Starting at the first line of the listing below, retype each line up to and including the one that contains "2023-0428關鍵券商買賣超 2023-04-29 股狗網小編". Leave pictures out.

:: SOURCE DATA ::
# # # # # # #

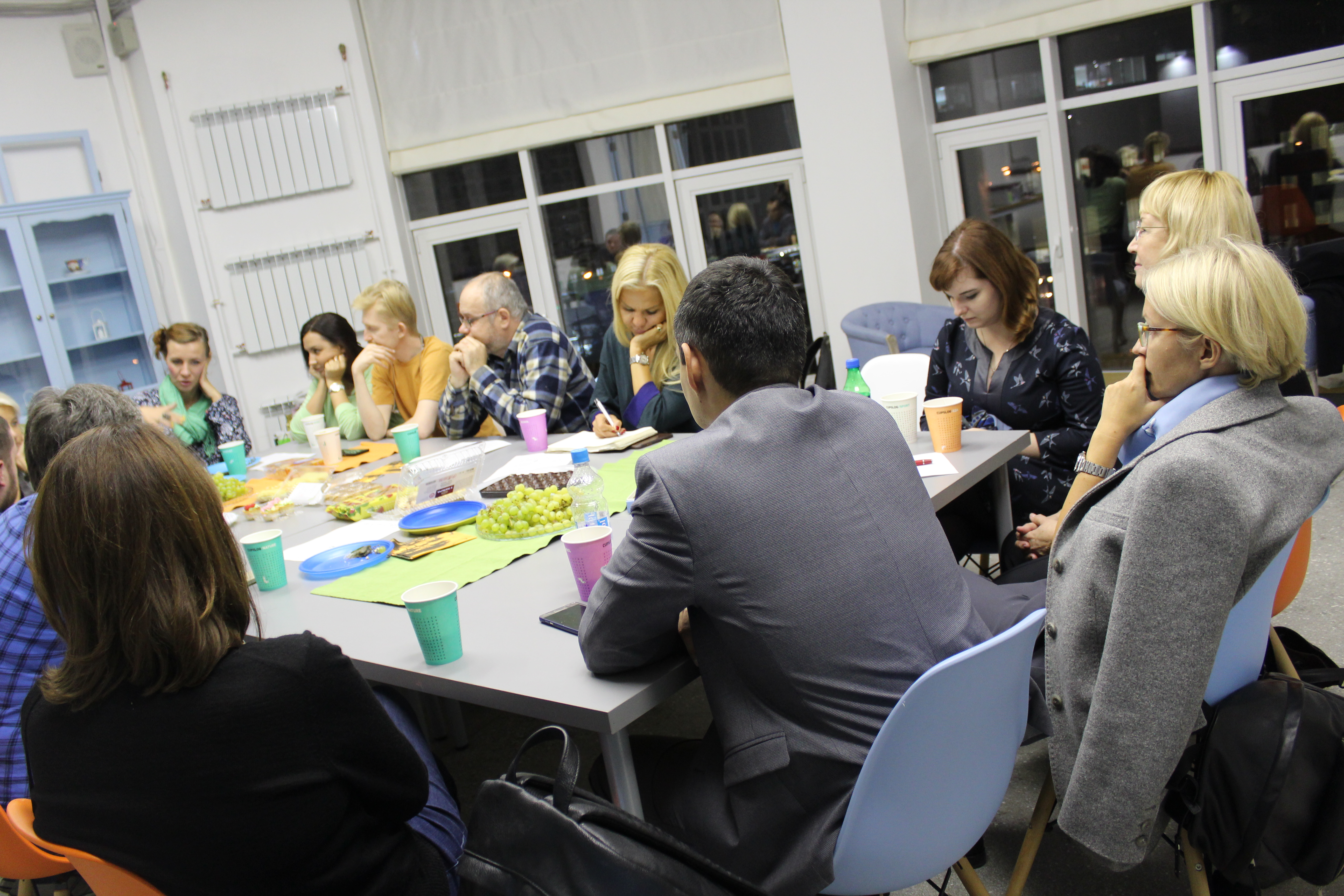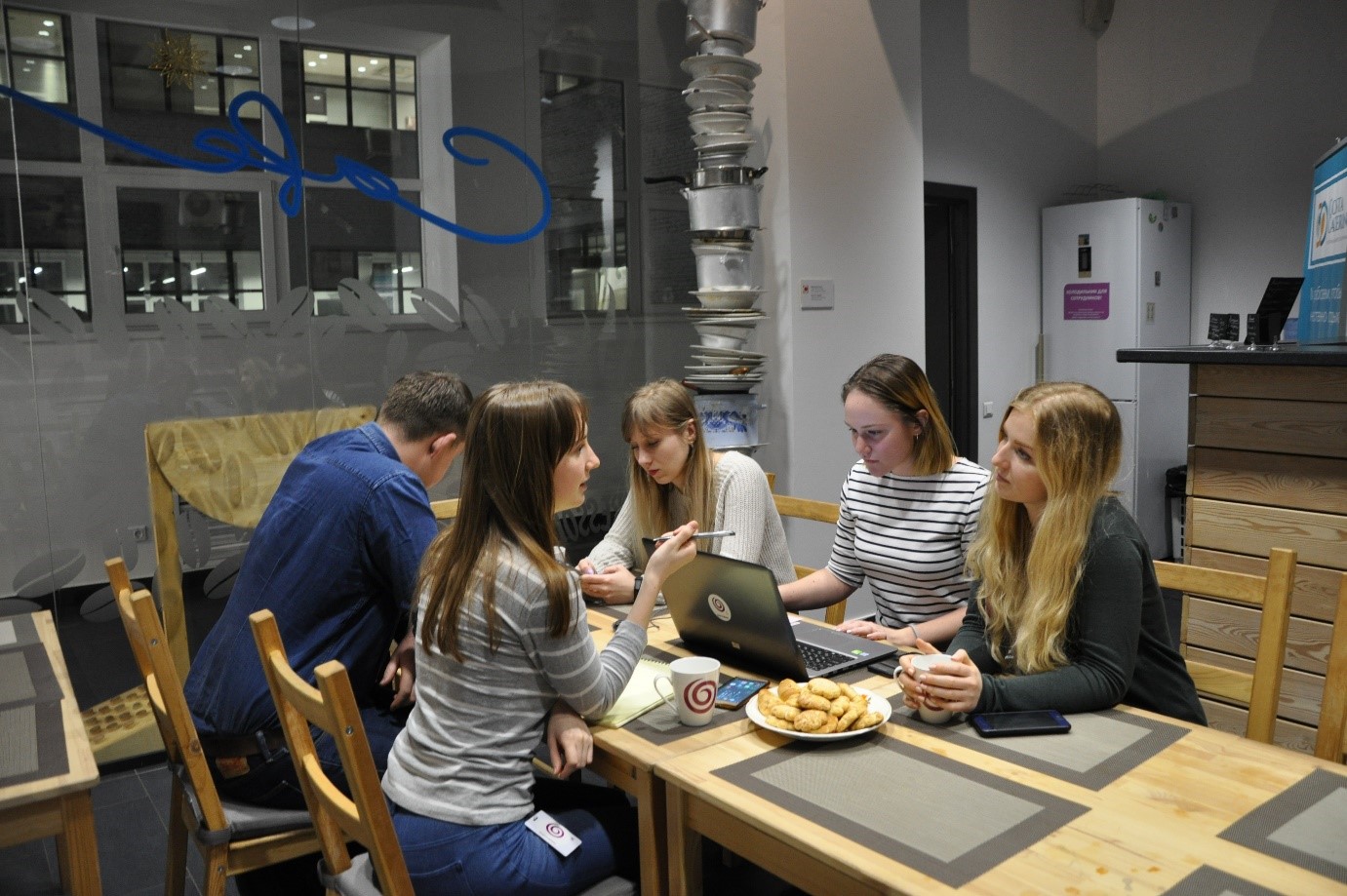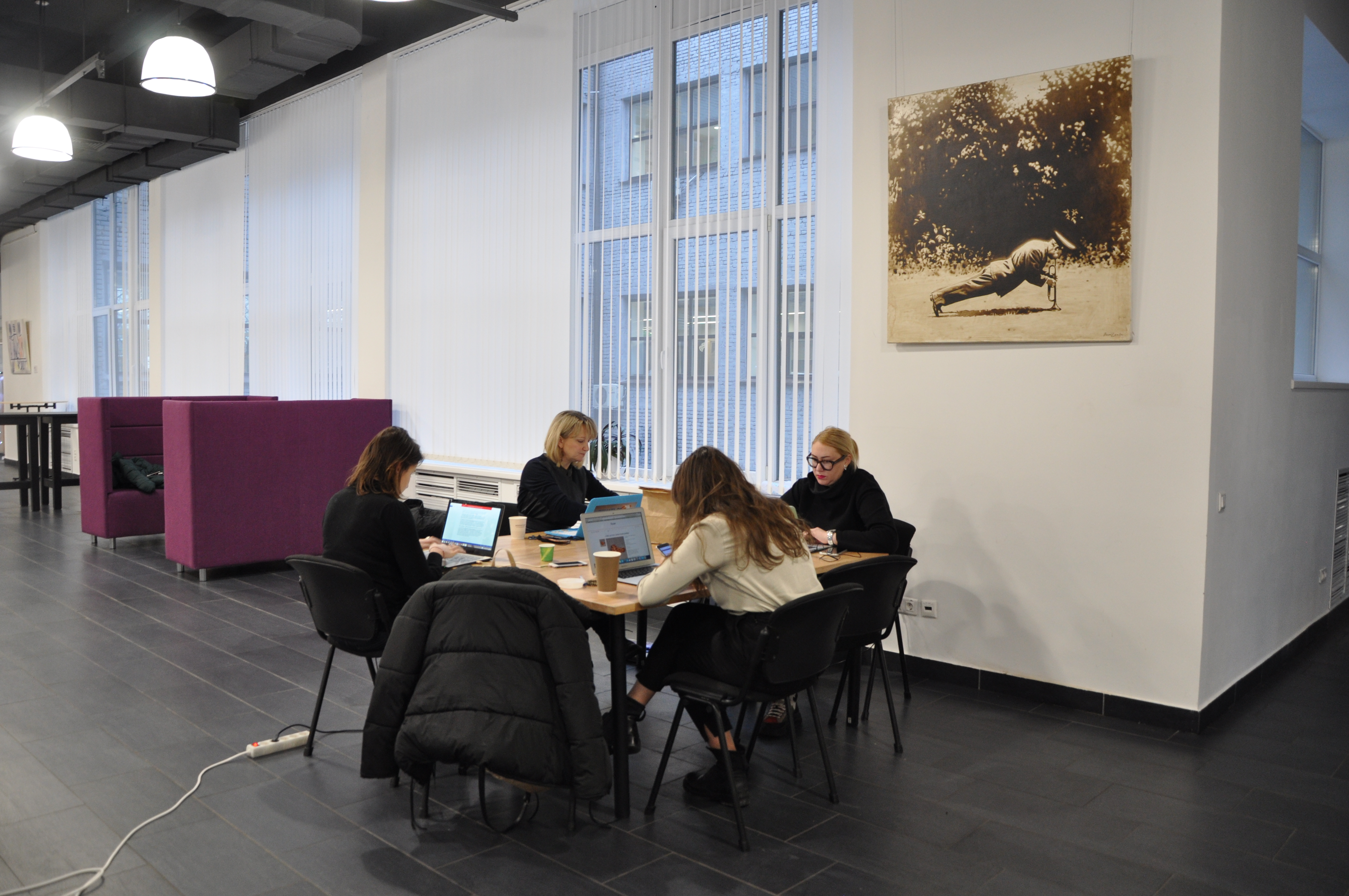 Правое крыло горизонтального пространства занимает коворкинг. Он не огорожен, через него проходят все, кто идет на события в Медиацентр, пункт буккроссинга или кафе. В коворкинг может прийти бесплатно поработать любой сотрудник некоммерческой организации или представитель волонтерской группы, в том числе оказавшийся в Москве проездом из другого города (надо только не забыть написать нам на почту заявку на день посещения), здесь всегда спокойная и дружелюбная атмосфера.
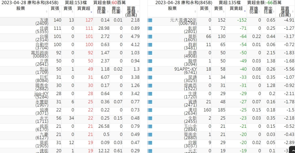 2023-0428關鍵券商買賣超 2023-04-29 股狗網小編 籌碼面每日資訊 發表留言 投資達人APP上線囉!!!『安裝APP』: 關鍵券商買賣超: 臺銀證券(1040): 台灣摩根士丹利(1470): 凱基台北(9268): 凱基信義(9216): 元大土城永寧(9875): 康和永和(845B) : 富邦建國(9658): 免責宣言 本網站文章所提供資訊僅供參考,並無任何推介買賣之意,投資人應自行承擔交易風險。 分享此文: 分享到 X(在新視窗中開啟) X 分享到 Facebook(在新視窗中開啟) Facebook 喜歡 正在載入...
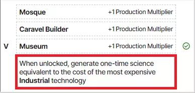 第二和第三科技加成 - 大本钟 完成伊斯兰教后,你现在拥有足够的科技来研发工业时代的第一个科技。 选择【资本主义】

# # # # # # #

:: OUTPUT OF THE EXERCISE ::
 Правое крыло горизонтального пространства занимает коворкинг. Он не огорожен, через него проходят все, кто идет на события в Медиацентр, пункт буккроссинга или кафе. В коворкинг может прийти бесплатно поработать любой сотрудник некоммерческой организации или представитель волонтерской группы, в том числе оказавшийся в Москве проездом из другого города (надо только не забыть написать нам на почту заявку на день посещения), здесь всегда спокойная и дружелюбная атмосфера.
 2023-0428關鍵券商買賣超 2023-04-29 股狗網小編 籌碼面每日資訊 發表留言 投資達人APP上線囉!!!『安裝APP』: 關鍵券商買賣超: 臺銀證券(1040): 台灣摩根士丹利(1470): 凱基台北(9268): 凱基信義(9216): 元大土城永寧(9875): 康和永和(845B) : 富邦建國(9658): 免責宣言 本網站文章所提供資訊僅供參考,並無任何推介買賣之意,投資人應自行承擔交易風險。 分享此文: 分享到 X(在新視窗中開啟) X 分享到 Facebook(在新視窗中開啟) Facebook 喜歡 正在載入...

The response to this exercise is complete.